Begin at the line holding "ニューアルバム『Do you know" and set down exactly each line through the last one below, omitting pictures. Include nothing else.

GIVEN MATERIAL =>
━━━━━━━━

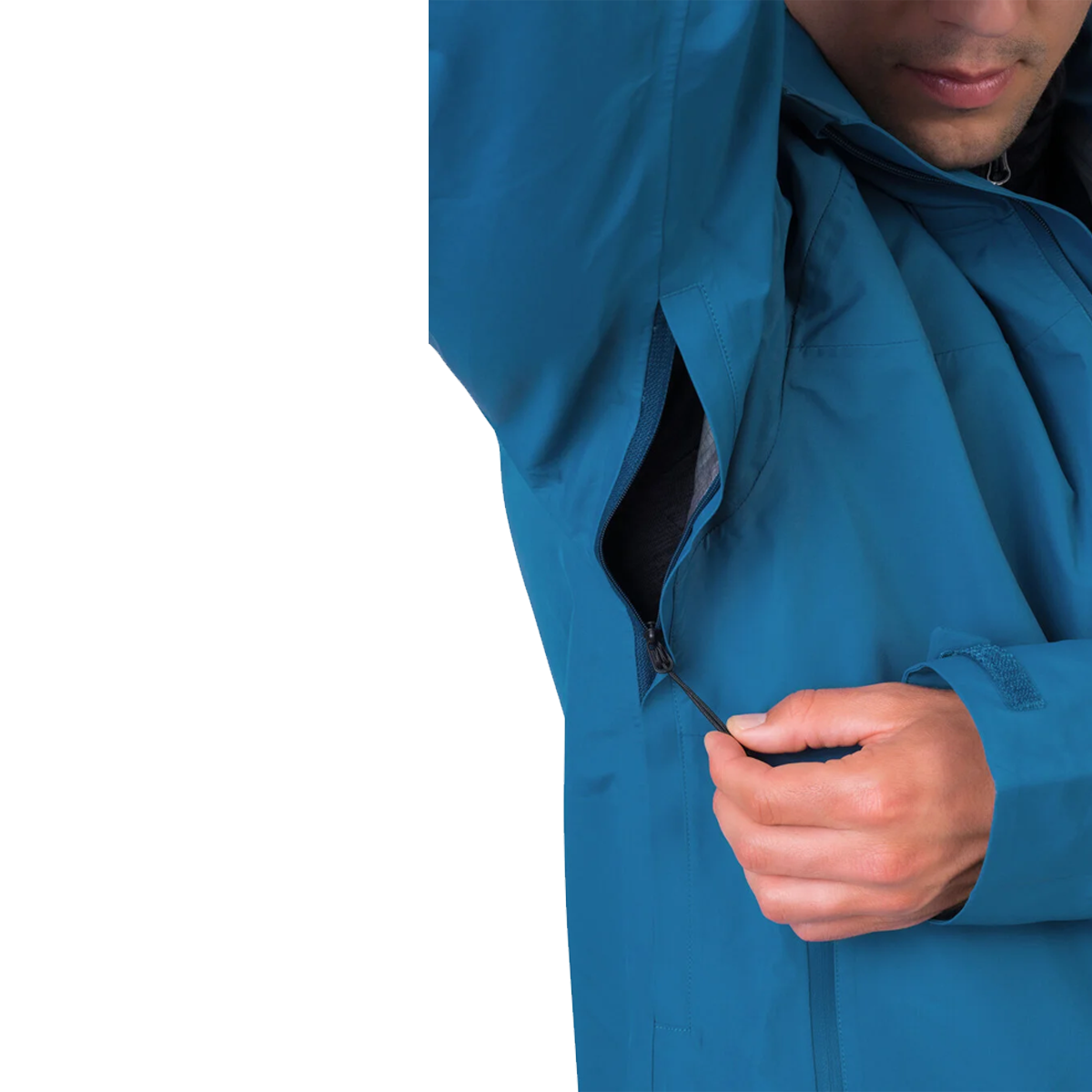 Çukur fermuarlar daha yüksek nefes alabilirlik sağlarken, tamamen bantlanmış dikişler ve su geçirmez fermuarlar ceketin genel su geçirmezliğini sağlar.
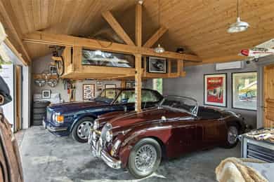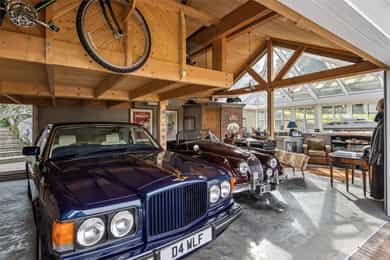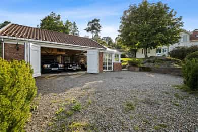 Det er parkering i en stor garasje/anneks fra 2015, med fullisolerte vegger, to gode foldeporter og et samlet areal på ca. 124 kvm. Garasjen/annekset holder en svært høy standard, der en hems med glassrekkverk benyttes for lagring og avkobling. Vann er innlagt, og garasjen har et hendig bad med åpent dusjhjørne. Selve garasjerommet utgjør ca. 62 kvm, mens de resterende kvadratmeterne er innglasset og innredet med salonggruppe. Utvendig er garasjen kledd med teglstein, og bygget ligger på en gruslagt gårdsplass med hvitmalt port ut til veien. Ved hovedinngangen har boligen en asfaltert adkomst med carport på ca. 20 kvm. Øvrig parkering etter områdets gjeldende bestemmelser.
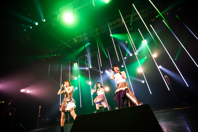 ニューアルバム『Do you know kolme?』の「Intro」が会場に流れると、再び3人がステージに現れる。「新しいkolmeを観てください!」というMIMORIの言葉と共に、後半戦がスタートした。そこでは新作から全曲披露されることとなった。まずは、アルバムのオープニング曲「Gotta look」。EDM音色が多用され、いつになくイケイケ感が前面に打ち出されたナンバーだ。続いて、グルーヴィーなジャズファンク曲「Get your control」。洋楽的要素とJ-POP的要素がバランス良く配合された「Deep breath」。MCを挟んで「Remind me…」。RUUNAが今は亡き愛犬への想いを綴ったこの曲では、情感が溢れる彼女の歌唱がひときわ感動的に響く。
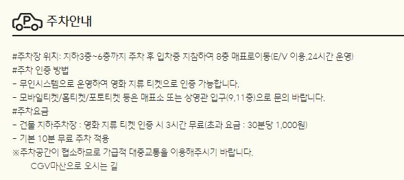 당일 영화 관람객들의 경우 지하 주차장을 이용할수가 있는데요 3시간까지 무료주차가 가능하다고 합니다.

━━━━━━━━

RESULT BELOW =>
 ニューアルバム『Do you know kolme?』の「Intro」が会場に流れると、再び3人がステージに現れる。「新しいkolmeを観てください!」というMIMORIの言葉と共に、後半戦がスタートした。そこでは新作から全曲披露されることとなった。まずは、アルバムのオープニング曲「Gotta look」。EDM音色が多用され、いつになくイケイケ感が前面に打ち出されたナンバーだ。続いて、グルーヴィーなジャズファンク曲「Get your control」。洋楽的要素とJ-POP的要素がバランス良く配合された「Deep breath」。MCを挟んで「Remind me…」。RUUNAが今は亡き愛犬への想いを綴ったこの曲では、情感が溢れる彼女の歌唱がひときわ感動的に響く。
 당일 영화 관람객들의 경우 지하 주차장을 이용할수가 있는데요 3시간까지 무료주차가 가능하다고 합니다.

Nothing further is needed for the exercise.